前のように四六時中側に侍らせておいても良かったのに、今だったら側にいても鬱陶しくは無くなってきたのに、
けど昏倒から目覚めたばかりで身体も自由がきかなかった時はあれだけ新八くんのお世話が嫌だったのに、窮屈だったのに、いざ怪我が治ってきて新八くんが少し遠のいたら急に心に隙間風が吹いたような、ほんの少し物足りない感覚を覚えてきていた晋助だったんですもの。
その気持ちがよく分かんないから、更にイライライライラしているという。

それが誰かを想うという感覚なのだと、晋助の深層心理は知ってるのにね。晋助はなんだかんだと御託並べるけど、本当はただ、恋しい相手に側にいて欲しいだけなのに。
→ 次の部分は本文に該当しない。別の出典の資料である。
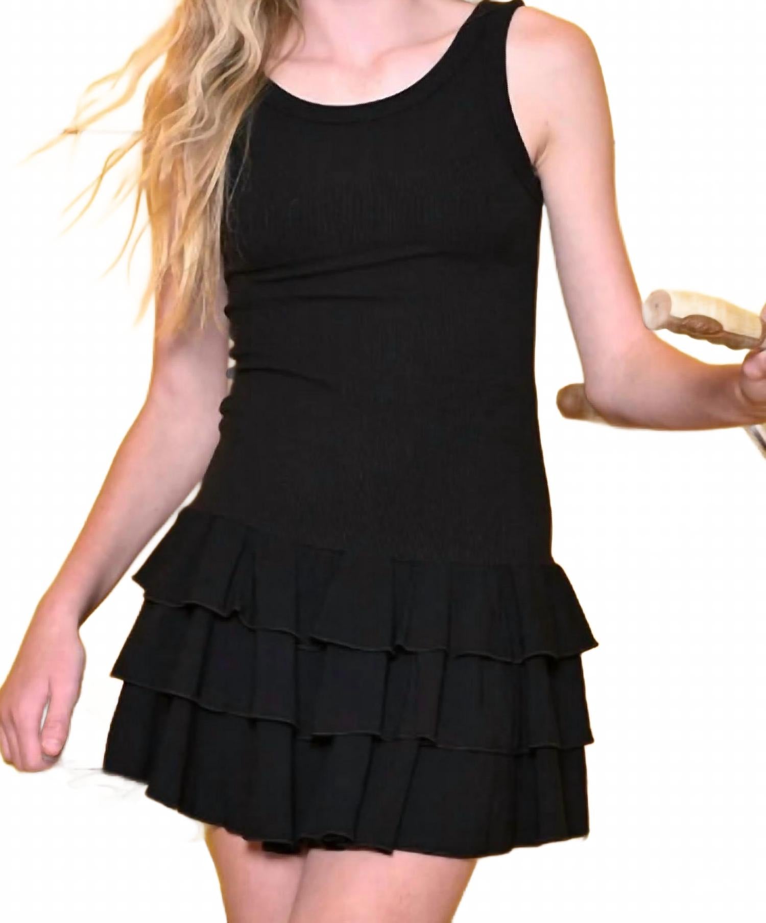 Комфортное и элегантное платье, которое вы будете носить круглый год. Представляем платье Tween Brielle Tank Ruffle Dress от Katie J NYC - стильный и удобный вариант для летних случаев. Это мини-платье черного цвета без рукавов с игривой юбкой с оборками и облегающим кроем, подчеркивающим фигуру. Изготовленное из мягкой смеси 95% вискозы и 5% спандекса, оно обеспечивает непринужденный стиль благодаря минималистичному однотонному узору и круглому вырезу. Застежка: надевать. Уход: ручная стирка и сушка на горизонтальной поверхности.
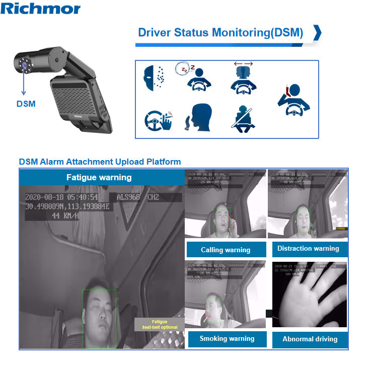Richmor Driver Face Detection DSM Dashcam for Truck Bus Car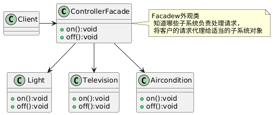 note right: Facadew外观类\n 知道哪些子系统负责处理请求,\n 将客户的请求代理给适当的子系统对象
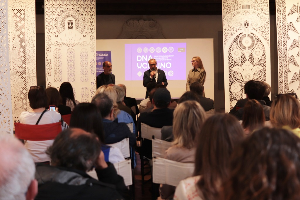 Ранее сообщество украинских архитекторов, дизайнеров и художников зарегистрировалось на "Лаборатории будущего", которая является темой Биеннале. Ассоциация дизайнеров Design4Ukraine с Роберто Бьянкони объединила усилия с Национальным союзом архитекторов Украины, задача проекта – показать культурный синтез, включающий в себя архитектуру, традиционное ремесло, историю, музыку, искусство и действительность. Кураторы проекта: Роберто Бьянкони, Анна Манако, Анастасия Белецкая, Анна Кирий, Ольга Нешта и Сана Моро - куратор проекта "Ризома". Коллектив художниц составлен из дизайнеров и художниц Орнеллы Остапенко, Дарьи Алешкиной и Дианы Бильченко, они создали визуальную композицию "Украинская ДНК", объединенную концепцией, которая основывается на исследовании Орнеллы Остапенко.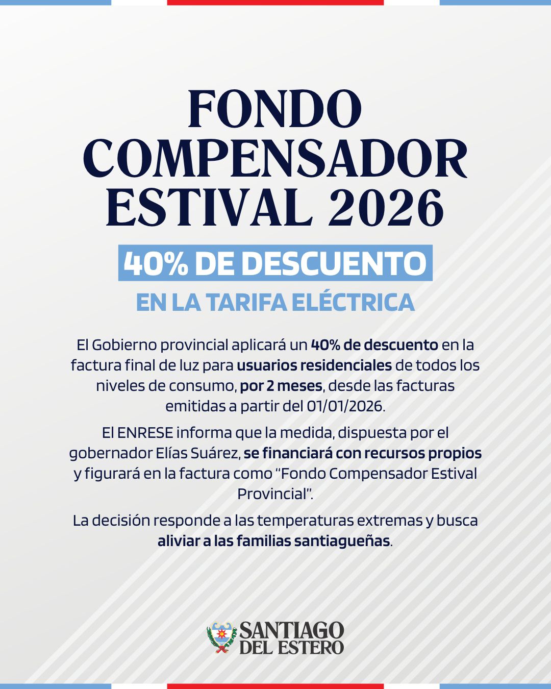 El Gobierno de la Provincia de Santiago del Estero comunicó este lunes una serie de medidas destinadas a acompañar a la comunidad durante la temporada de verano. Entre los anuncios más destacados, se confirmó la implementación de un descuento del 40% en las facturas de energía eléctrica para usuarios residenciales.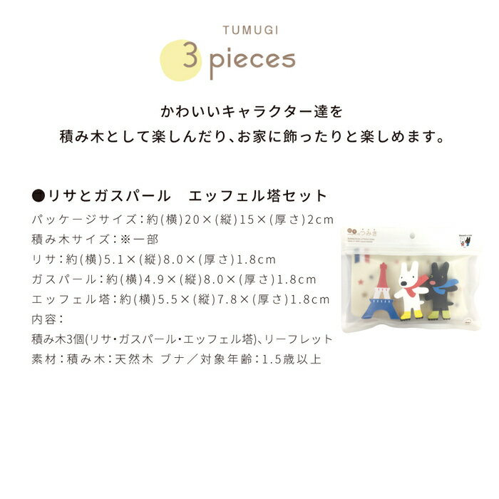 パッケージサイズ 約(横)20×(縦)15×(厚さ)2cm 積み木サイズ リサ:約(横)5.1×(縦)8.0×(厚さ)1.8cm ガスパール:約(横)4.9×(縦)8.0×(厚さ)1.8cm エッフェル塔:約(横)5.5×(縦)7.8×(厚さ)1.8cm 内容 積み木3個(リサ・ガスパール・エッフェル塔)、リーフレット 素材 積み木(天然木 ブナ) 対象年齢 1.5歳以上 「絵本のつみき」は、積み木遊び、 ごっこ遊び、知育遊びと、 成長に合わせた遊びと学びが得られます。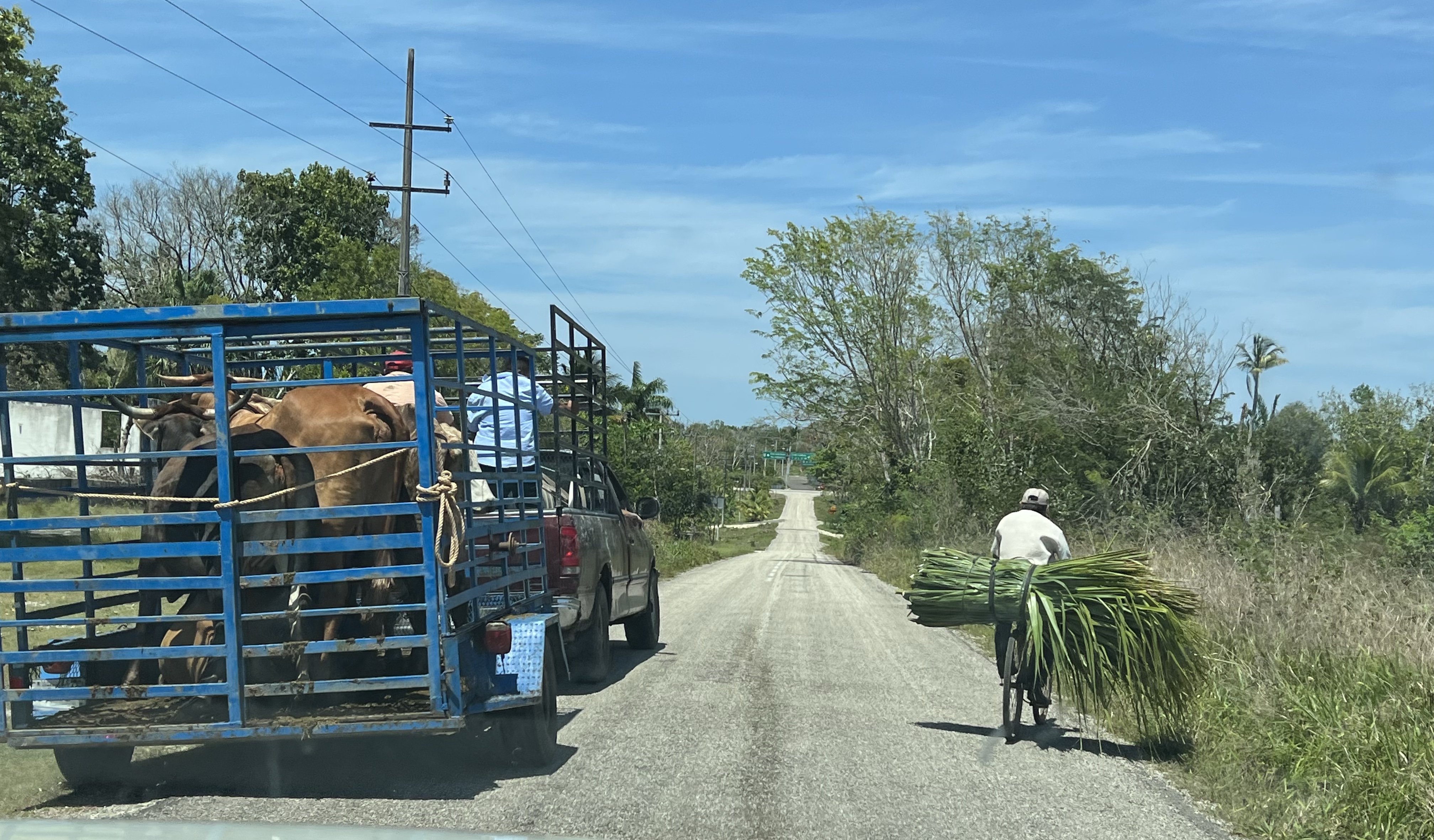 Ik wil graag naar de ruïnes. En het zou een donkere dag worden. Dus dat komt goed uit. We doen dan ook niet al te snel. We ontbijten op ons gemak. En rijden dan naar het noorden. Daar waar we gisteren van vandaan kwamen. Gisteren kwamen we er nl al langs. Ik wil naar Dzibanche en Kohunlich. Bij die laatste ben ik de vorige x ook geweest. En ik ben daar zeer benieuwd naar. De andere moet ook een mooie site zijn. Daar gaan we als eerste heen. Als we van de ‘grote’ weg afgaan wordt de weg smal. Maar is wel mooi. Het is nog wel een kwartier rijden om er te komen. We hobbelen over de topes heen en moeten dan. Og 1 keer afslaan. De weg werd al steeds slechter. Maar hier hield het eigenlijk gewoon op. Ik zie een paar mexicanen naar een touw rennen. En die spannen ze zooger de weg. Het zijn een stuk of 4 mannen en een vrouw. Een meneer is het opperhoofd. Of we willen betalen. 100 peso voor de weg. Jaja. Voor de weg. Dat gaat gewoon in hun zakken. Nee dat doen we niet. Het is niet veel geld maar het gaat om het principe. Ze laten het touw niet zakken. Ik dacht bekijk t even lekker. En R dacht daar hetzelfde over. Nog wat heen en weer gepraat en we vertrokken weer. Immers Kohunlich lag op ons te wachten. Tenminste als ze daar ook niet van die malle fratsen hebben. Met Ingrid destijds in Mexico spanden ze ook steeds touwen over de weg maar toen wilden ze nog fruit verkopen. Wat we overigens ook nooit deden. Maar dan deden ze wel het touw naar beneden.

それを晋助が知るのは、むしろ思い出す瞬間はきっと目前にまで迫ってる気がするけど……




──って待って?ねえ、ちょい待って、一回冷静になれよ自分。どうして攘夷高新はこうなるのか?何かどう問題を提起しても、しまいには晋助の記憶を一部喪失させてみても、最終的には何故か高新はくっついて行くという。どんなにトラブルを設けても最後はハッピーエンドに彩られていく、どんな問題を起こしても最終的には二人はラブラブ。凄いよね、何この怒涛の予定調和は何。

え、何?もしかして高新は神に愛されてんの?照橋さんばりに神からのご加護を受けてるの?キューピッドからして高新の仲を取り持つの?